The End of Unlooking is a personal reckoning with privilege, prejudice, and the politics of the gaze.
Growing up in an upper-middle-class household in Bombay, I was conditioned to “unlook” at those outside my socio-economic world—people who cleaned our homes, filled our streets, yet remained invisible. My early lens was shaped by fear, detachment, and inherited bias.
After years of living abroad, I returned to India and traveled through its cities, towns, and villages between 2013 and 2019. Time and distance had shifted my perspective. As I spent time with people in their own spaces, I began to truly see them—as individuals full of dignity, resilience, and joy. When I changed how I looked at them, they looked back—no longer subjects, but collaborators in the act of seeing.
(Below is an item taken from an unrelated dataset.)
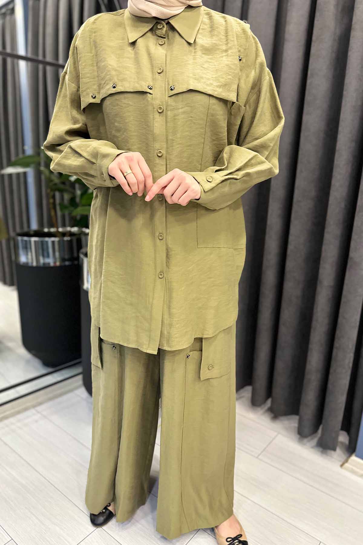 ÖNDEN DÜĞMELİ UZUN CEP DETAYLI TUNİK

They welcomed me into their lives: into streets, markets, temples, and eventually into their sanctum sanctorum—their homes, kitchens, and community spaces. Despite the class divide, we were united by enduring Indian values of resilience, generosity, and joy. I saw these values play out in their daily rituals, relationships, and work—expressions of their karma.
This was not a linear journey; I sometimes slipped back into old habits. But over time, I moved from “unlooking” to truly “seeing”. This project documents that shift ... and asks the viewer: Who are you unlooking at, and who might be unlooking at you?